** Supplied material **
+ + +

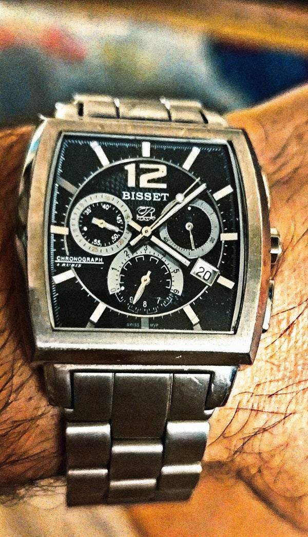 Brand: Bisset, Swiss edge, square case, steel bracelet, ruthless design.
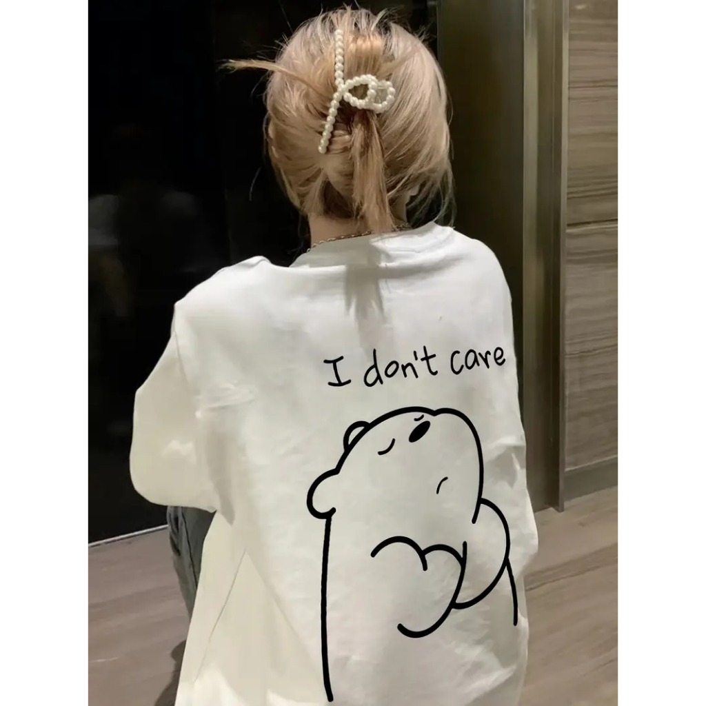 T-shirt casual branca com decote redondo, ajustada e folgada, de comprimento médio, para mulheres, com estampado de letras fofas de um urso e "Não me importo", manga curta, para primavera/verão. ✅Sobre o produto: ✔ Estampa: dtf ✔ Tecido: algodão ✔ Composição: fio 30.1 ✔ Modelo: camiseta oversized - unissex ✔ Disponível nos tamanhos: P/ M/ G / GG/ G2/ G3 ✔ Etiquetas : etiqueta interna de composição e etiqueta de tamanho na gola ✔ Modelagem: corte amplo , reforço de gola ombro a ombro , gola ribana canelada 2,5 cm ✅Diferencial do nosso Produto: ✔ Garantia do vendedor: 7 dias ✔ Ótima qualidade ✔ Alta durabilidade ✔ Costura reforçada ✅Tabela de Medidas: ✔ P: comprimento 76 cm/ largura 56 cm/ manga 24 cm ✔ M: comprimento 77 cm/ largura 58 cm/ manga 25 cm ✔ G: comprimento 77 cm/ largura 61 cm/ manga 26 cm ✔ GG: comprimento 78 cm/ largura 63 cm/ manga 27 cm ✔ G2: comprimento 80 cm/ largura 65 cm/ manga 28 cm ✔ G3: comprimento 81 cm/ largura 68 cm/ manga 29 cm ✅Avisos e Cuidados: ✔ Não utilize alvejante, água quente, ou lavagem no modo pesado da sua máquina ✔ Lave de preferência em água fria, não deixando a sua camiseta oversized de molho ✔ Estenda após a lavagem, com secagem de preferência na sombra ✔ Passe sempre pelo avesso e utilize preferencialmente em uma tábua de passar roupa ✅Dúvidas frequentes: ✔ O produto é novo? Sim, todos nossos produtos são novos. Todos as camisetas oversized ficam em estoque, assim que são vendidos, separamos o produto em nosso estoque e iniciamos o processo de envio ✔ Qual o prazo para postagem? A postagem de todos os pedidos são feitas em até 01 dia útil (24 horas úteis). Pedimos este prazo para prepararmos todas as etapas da compra (separação no estoque, embalagem e envio para os correios) Caso tenha qualquer dúvida sobre o andamento da sua compra fique a vontade para enviar mensagens, teremos prazer em responder ✔ Comprei, mas não chegou. O que pode ter acontecido? Raríssimas vezes, um outro pedido é extraviado pelos Correios. O carteiro pode ter sido assaltado, ou simplesmente terem perdido a mercadoria. Mas não se preocupe, caso isso aconteça, faremos o envio de um novo produto, ou se preferir faremos a devolução de 100% do valor pago 🚚 Envio Super Rápido 🥰 Para dúvidas, estamos à disposição no chat
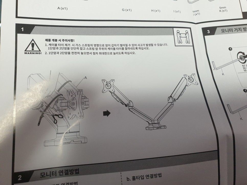 케이블 타이를 끊어낼 때, 압축이 되어있는 스프링 장력이 훅 펴지게 되면서, 제품이 파손되거나 얼굴을 가까이 대어서 끊어낼 경우에는 다칠 수 있습니다. 베사 판넬 이 묵직하다보니 꼭 '성인 남성'이 압축이 되어있는 모니터암에 힘을 가해서 접힌 상태로 제거해야합니다.
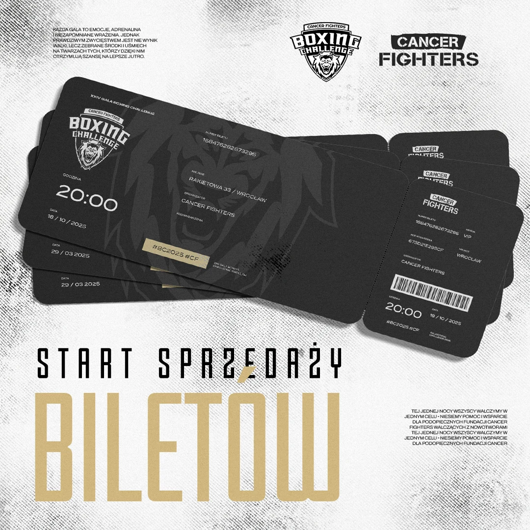 Bez względu na to czy reprezentujesz biznes, pracujesz w korporacji, jesteś trenerem personalnym czy freelancerem. Tej jednej nocy wszyscy walczymy w jednym celu, a jest nim zbiórka funduszy dla naszych prawdziwych wojowników – podopiecznych Fundacji Cancer Fighters – zmagających się z chorobami nowotworowymi, których od lat wspieramy w walce o zwycięstwo nad rakiem.

+ + +

** What you have to do **
Reproduce, with the pictures omitted, exactly those lines that run from the line with "케이블 타이를 끊어낼" to the last line of the material, both ends included.

** Answer area **
 케이블 타이를 끊어낼 때, 압축이 되어있는 스프링 장력이 훅 펴지게 되면서, 제품이 파손되거나 얼굴을 가까이 대어서 끊어낼 경우에는 다칠 수 있습니다. 베사 판넬 이 묵직하다보니 꼭 '성인 남성'이 압축이 되어있는 모니터암에 힘을 가해서 접힌 상태로 제거해야합니다.
 Bez względu na to czy reprezentujesz biznes, pracujesz w korporacji, jesteś trenerem personalnym czy freelancerem. Tej jednej nocy wszyscy walczymy w jednym celu, a jest nim zbiórka funduszy dla naszych prawdziwych wojowników – podopiecznych Fundacji Cancer Fighters – zmagających się z chorobami nowotworowymi, których od lat wspieramy w walce o zwycięstwo nad rakiem.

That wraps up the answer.